* [PROBLEM TO SOLVE]: Transcribe exactly, and only, the lines from the one with "Albumine fotoprint, eind" through the end of the records below, including both of those lines. Skip all pictures.

* [Records from a data source]:
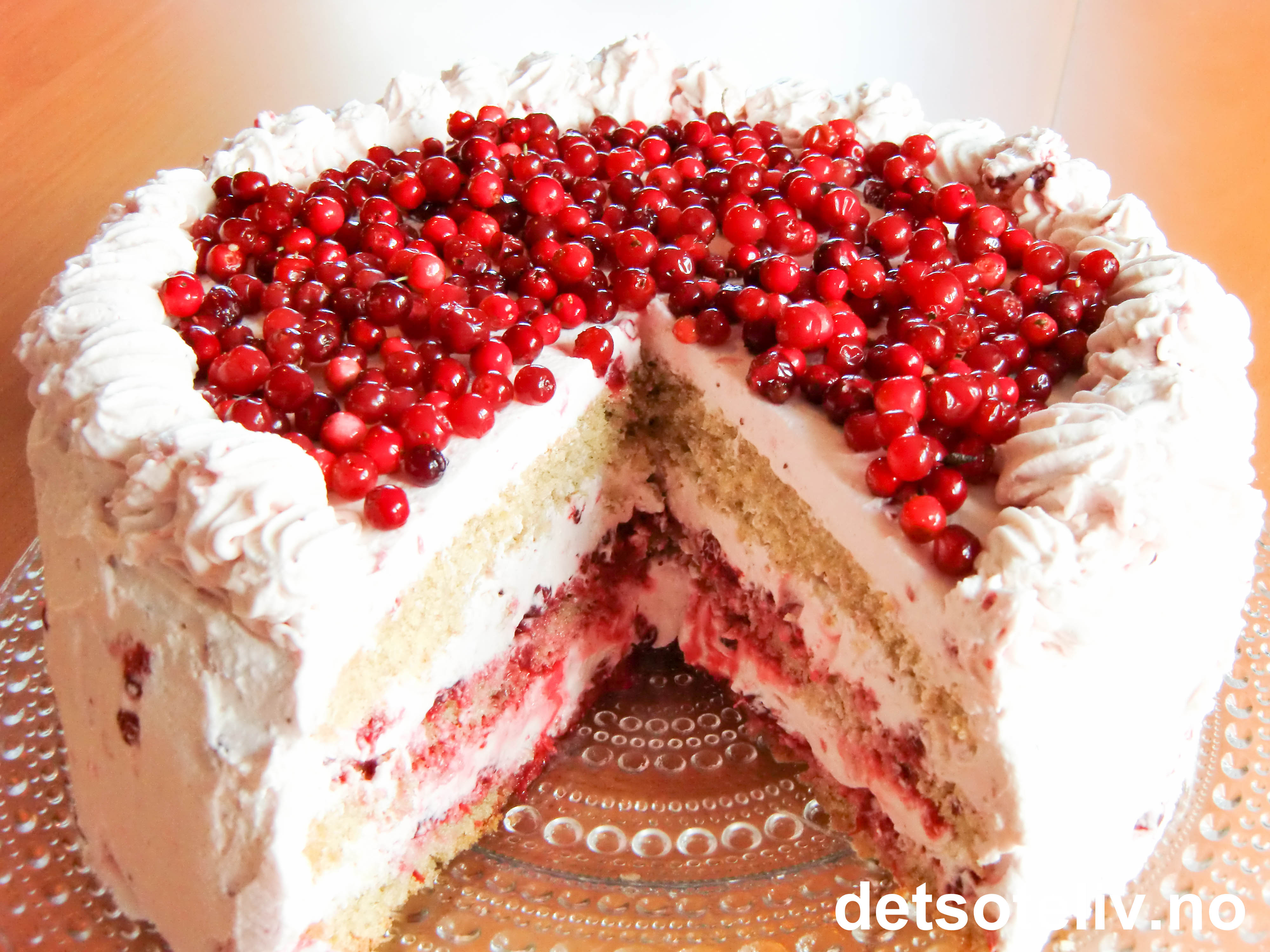 Fantastisk, kremete drøm av en tyttebærkake, som gir deg følelsen av å spise et ekte, vakkert stykke Norge!
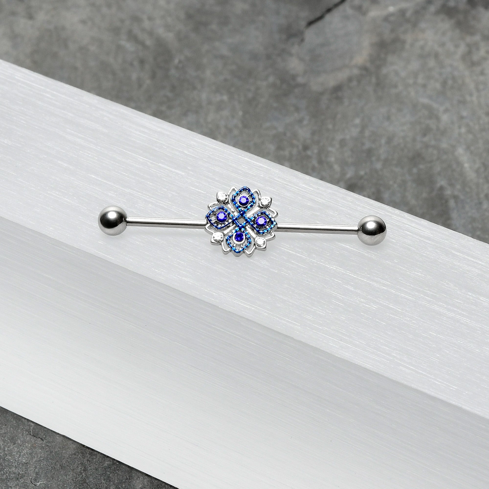 14 Gauge Clear Blue Gem Embellished Cross Industrial Barbell 38mm
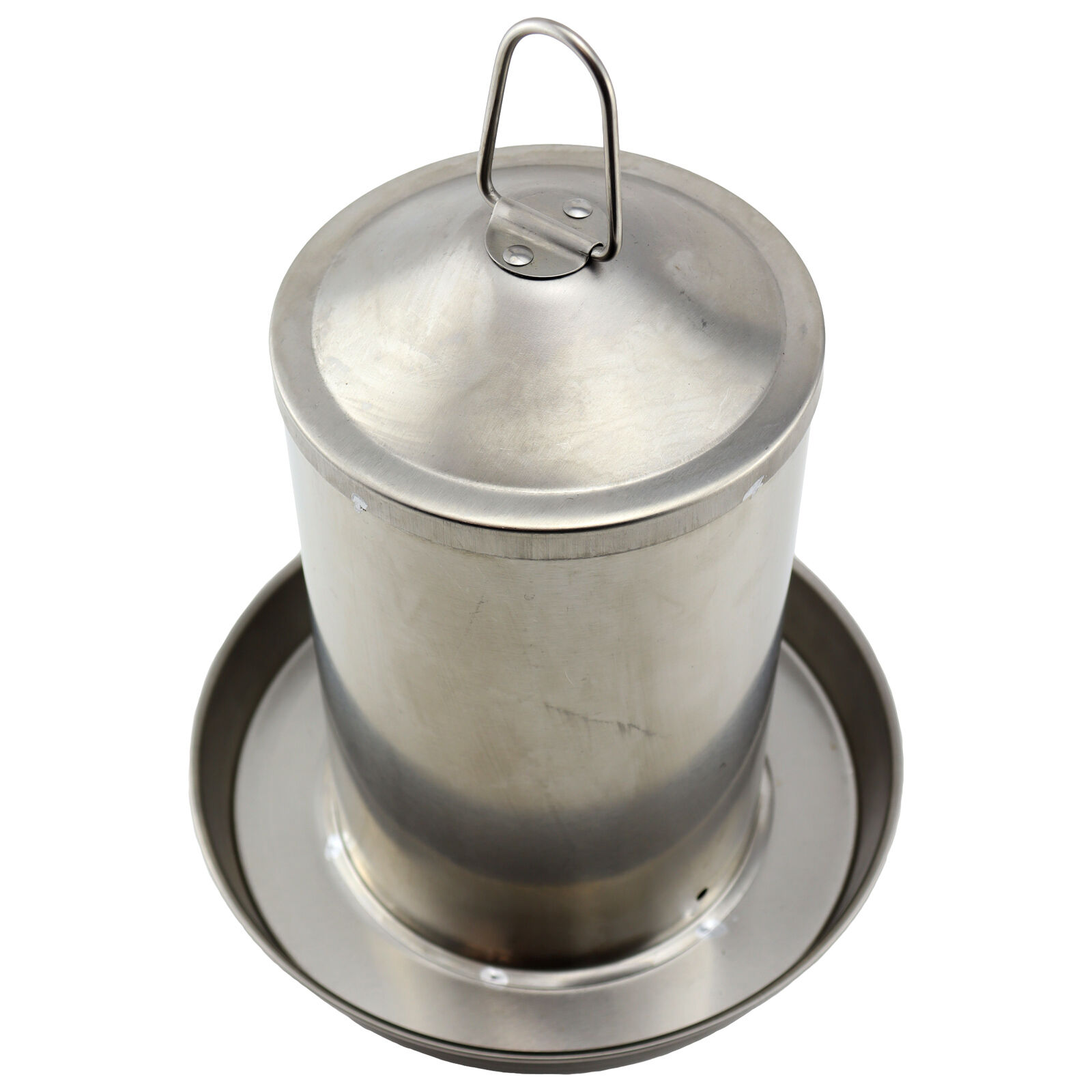 Robust, top-quality, stainless poultry drinker with hanging handle from AgBoss. Made of stainless steel for extra-long life and durability. Includes a handle for hanging.
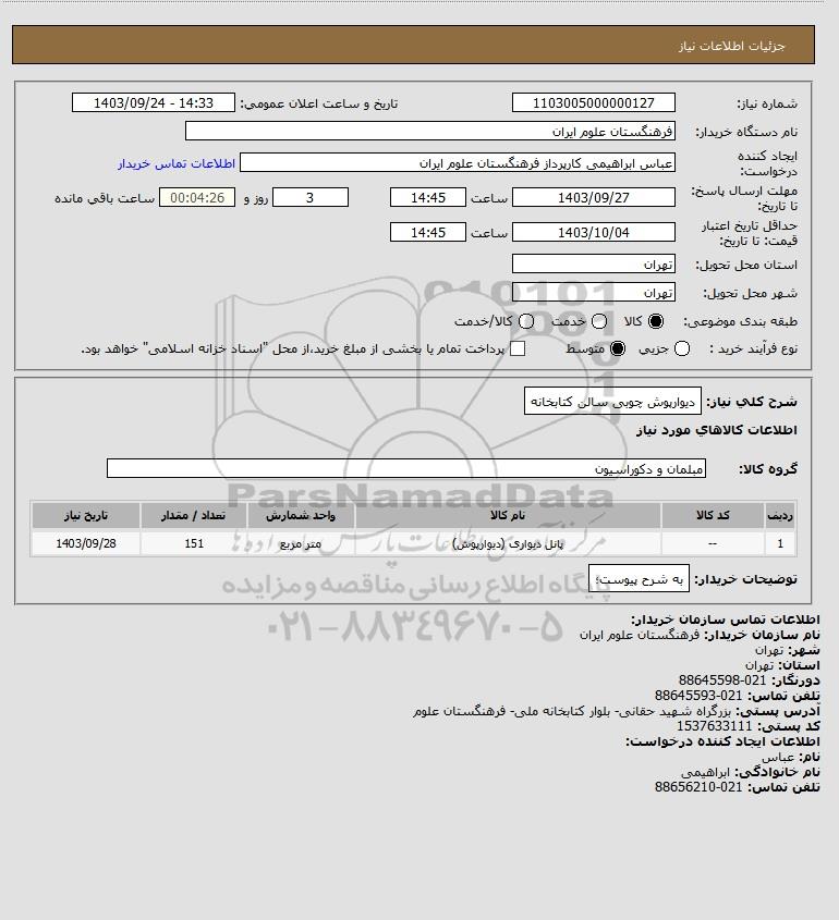 شرح کلی نیاز: دیوارپوش چوبی سالن کتابخانه
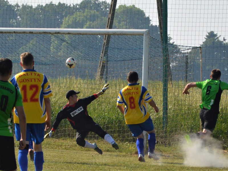 Seniorzy Bizona Cerkwica rozegrali mecz wyjazdowy z Bałtykiem Gostyń. Mecz lepiej rozpoczął się dla gospodarzy. Piłkarze Bałtyku rozpoczęli spotkanie grając bardzo ofensywnie, a jednocześnie agresywnie. Dało to efekt w postaci bramki i Bałtyk objął prowadzenie w tym meczu. Z czasem gra wyrównała się, a w 28 minucie po rzucie wolnym wykonanym przez Mariusza Wlaźlaka, Adrian Płotała precyzyjnym strzałem doprowadził do wyrównania. Na przerwę piłkarze Bizona schodzili prowadząc 2:1 dzięki trafieniu Marcina Jaroszewicza, który po stałym fragmencie gry głową skierował piłkę do bramki.
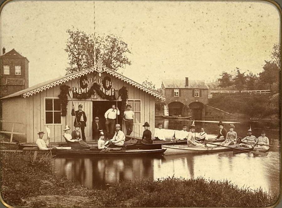 Albumine fotoprint, eind 19e eeuw, met voorstelling van leden van een kanoclub voor hun houten clubhuis aan het water. De foto toont mannen en vrouwen in kano’s en aan de wal, met het opschrift Cano Club boven de ingang. Afdruk op karton, achter passe-partout in houten lijst met goudkleurige ornamenten.
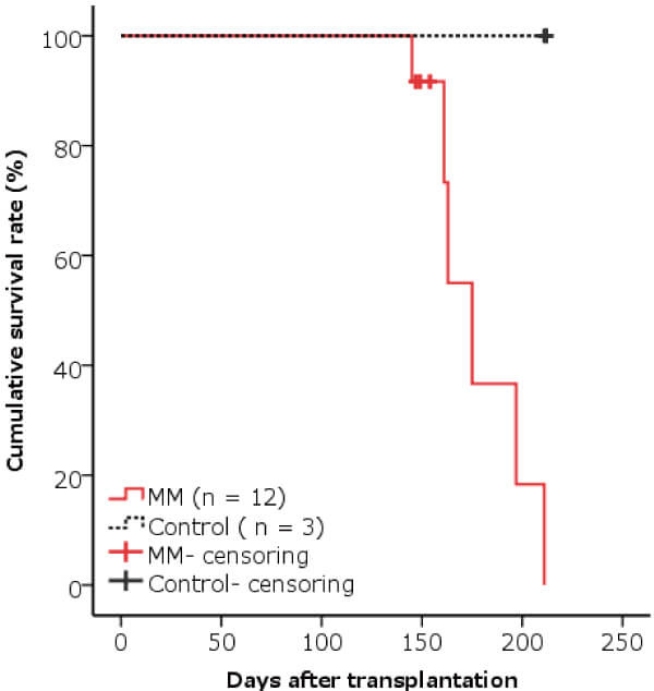 Kaplan-Meier curve of survival rate in the MM xenografts.

* [YOUR SOLUTION]:
 Albumine fotoprint, eind 19e eeuw, met voorstelling van leden van een kanoclub voor hun houten clubhuis aan het water. De foto toont mannen en vrouwen in kano’s en aan de wal, met het opschrift Cano Club boven de ingang. Afdruk op karton, achter passe-partout in houten lijst met goudkleurige ornamenten.
 Kaplan-Meier curve of survival rate in the MM xenografts.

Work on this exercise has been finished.